* [DATA SHOWN]:

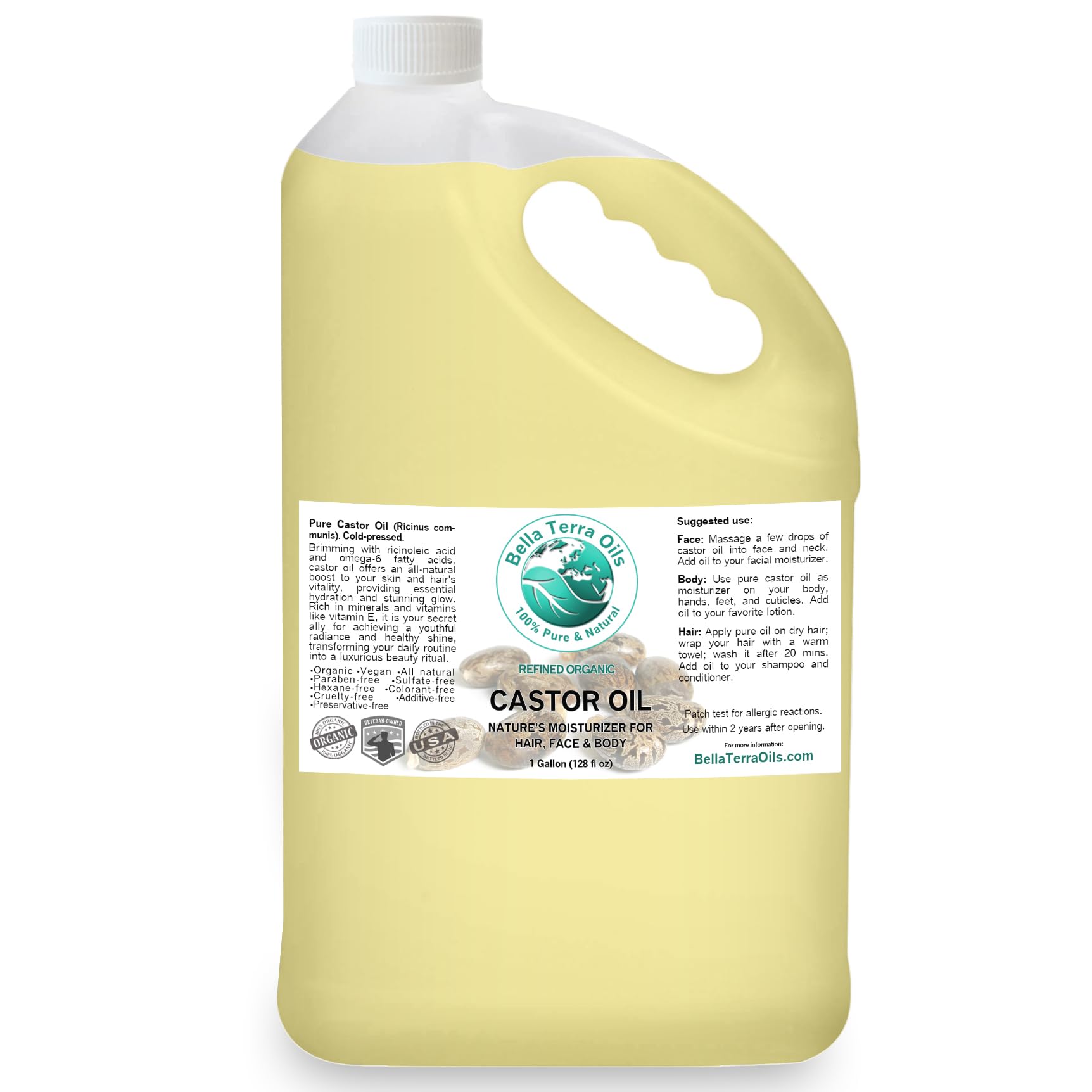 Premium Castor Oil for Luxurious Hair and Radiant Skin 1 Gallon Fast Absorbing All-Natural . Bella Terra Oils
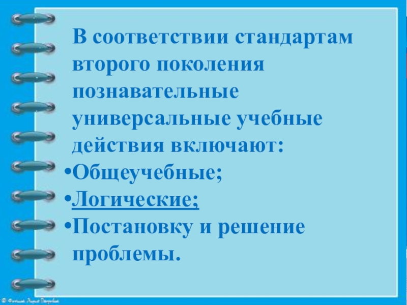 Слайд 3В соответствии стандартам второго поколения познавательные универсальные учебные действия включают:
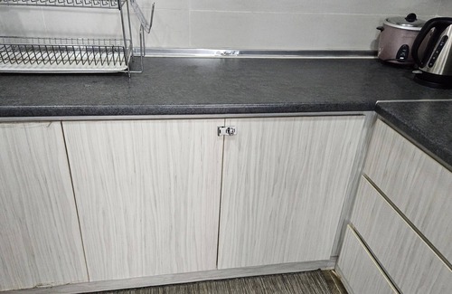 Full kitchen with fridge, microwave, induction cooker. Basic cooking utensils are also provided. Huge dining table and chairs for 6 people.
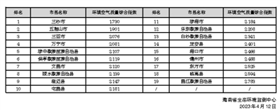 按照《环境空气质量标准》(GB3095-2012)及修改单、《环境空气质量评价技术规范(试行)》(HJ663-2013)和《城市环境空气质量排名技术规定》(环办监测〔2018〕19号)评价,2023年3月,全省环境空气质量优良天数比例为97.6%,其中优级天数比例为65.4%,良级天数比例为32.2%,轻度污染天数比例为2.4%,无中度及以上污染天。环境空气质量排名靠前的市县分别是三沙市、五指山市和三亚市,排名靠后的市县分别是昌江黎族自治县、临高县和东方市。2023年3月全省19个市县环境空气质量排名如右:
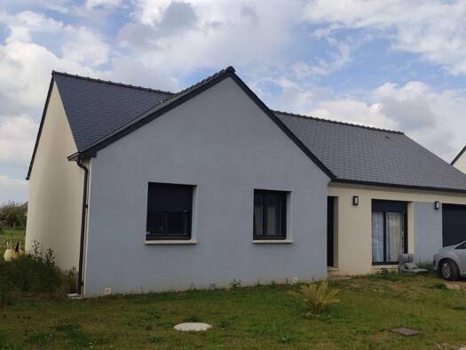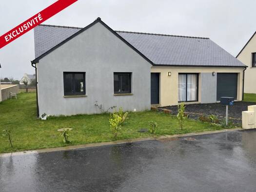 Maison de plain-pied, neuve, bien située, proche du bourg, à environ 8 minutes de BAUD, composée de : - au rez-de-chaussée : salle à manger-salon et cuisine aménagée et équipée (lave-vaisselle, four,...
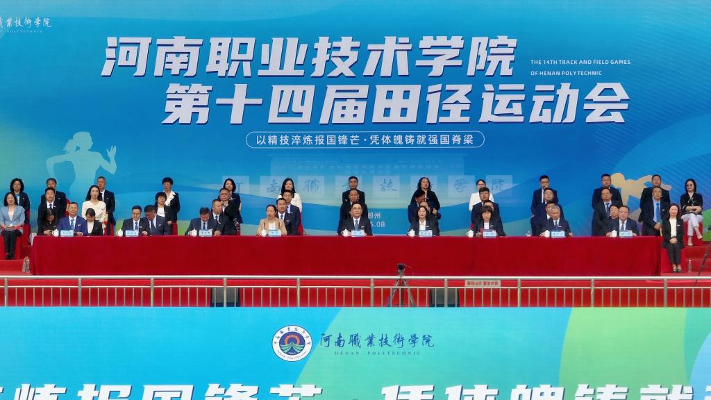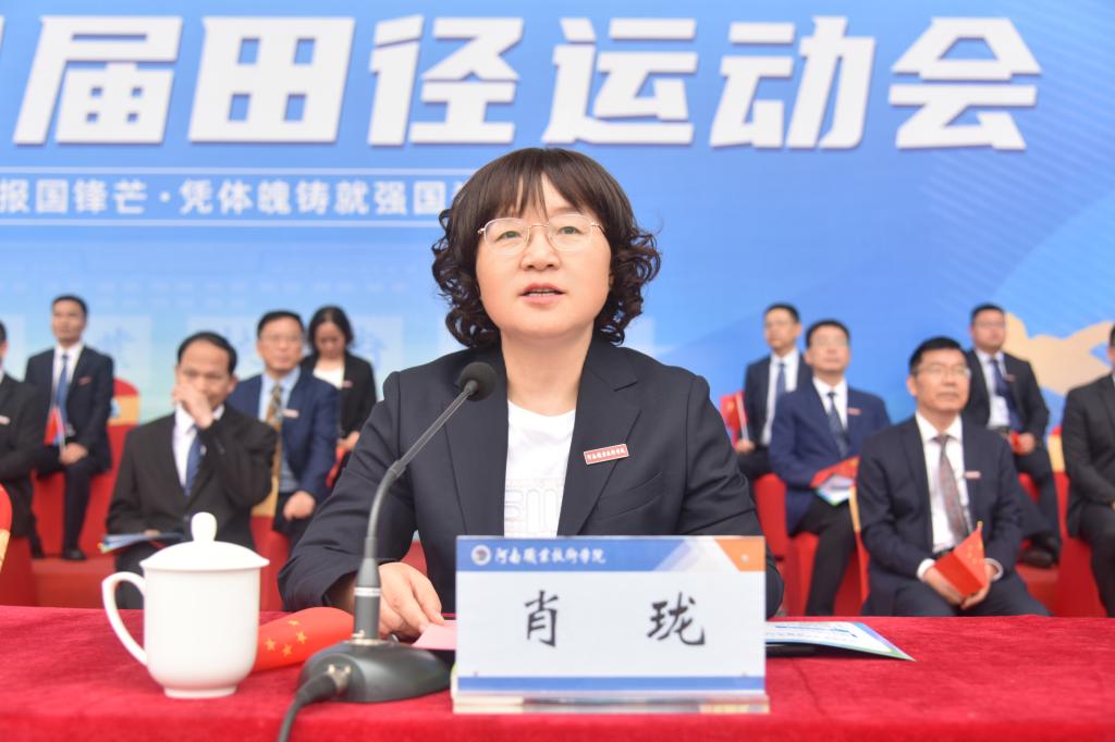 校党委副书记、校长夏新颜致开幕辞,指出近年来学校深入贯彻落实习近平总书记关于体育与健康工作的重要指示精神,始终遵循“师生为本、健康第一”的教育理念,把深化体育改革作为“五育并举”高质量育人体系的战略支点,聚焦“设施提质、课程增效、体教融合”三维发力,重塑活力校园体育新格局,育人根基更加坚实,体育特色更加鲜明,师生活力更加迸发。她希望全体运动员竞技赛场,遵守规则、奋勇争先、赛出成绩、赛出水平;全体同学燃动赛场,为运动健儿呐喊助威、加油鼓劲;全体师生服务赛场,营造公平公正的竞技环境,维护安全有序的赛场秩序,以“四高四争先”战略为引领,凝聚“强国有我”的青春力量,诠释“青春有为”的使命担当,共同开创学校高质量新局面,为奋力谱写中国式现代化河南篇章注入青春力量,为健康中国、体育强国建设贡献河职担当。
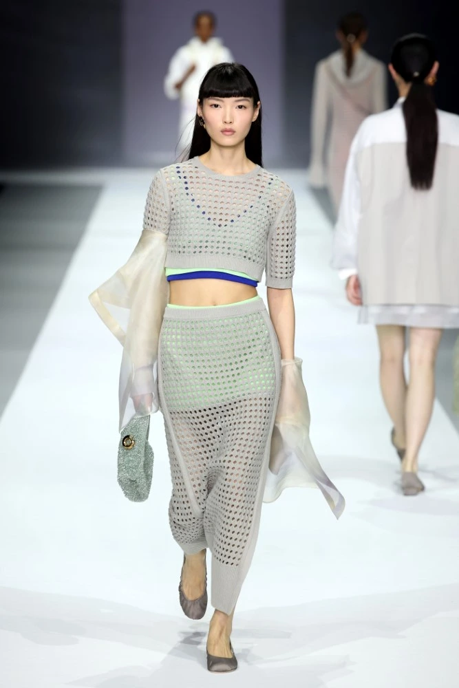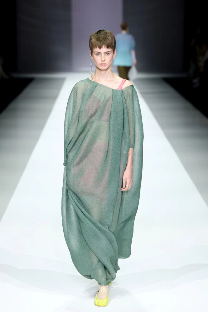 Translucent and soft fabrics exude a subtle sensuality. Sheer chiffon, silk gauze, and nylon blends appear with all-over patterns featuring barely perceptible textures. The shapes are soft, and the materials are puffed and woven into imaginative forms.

* [TASK GOAL]:
Using the records above, return verbatim only the part that opens with the line containing "Maison de plain-pied, neuve, bien" and closes with the line containing "校党委副书记、校长夏新颜致开"; pictures stay out.

* [THE ANSWER]:
 Maison de plain-pied, neuve, bien située, proche du bourg, à environ 8 minutes de BAUD, composée de : - au rez-de-chaussée : salle à manger-salon et cuisine aménagée et équipée (lave-vaisselle, four,...
 校党委副书记、校长夏新颜致开幕辞,指出近年来学校深入贯彻落实习近平总书记关于体育与健康工作的重要指示精神,始终遵循“师生为本、健康第一”的教育理念,把深化体育改革作为“五育并举”高质量育人体系的战略支点,聚焦“设施提质、课程增效、体教融合”三维发力,重塑活力校园体育新格局,育人根基更加坚实,体育特色更加鲜明,师生活力更加迸发。她希望全体运动员竞技赛场,遵守规则、奋勇争先、赛出成绩、赛出水平;全体同学燃动赛场,为运动健儿呐喊助威、加油鼓劲;全体师生服务赛场,营造公平公正的竞技环境,维护安全有序的赛场秩序,以“四高四争先”战略为引领,凝聚“强国有我”的青春力量,诠释“青春有为”的使命担当,共同开创学校高质量新局面,为奋力谱写中国式现代化河南篇章注入青春力量,为健康中国、体育强国建设贡献河职担当。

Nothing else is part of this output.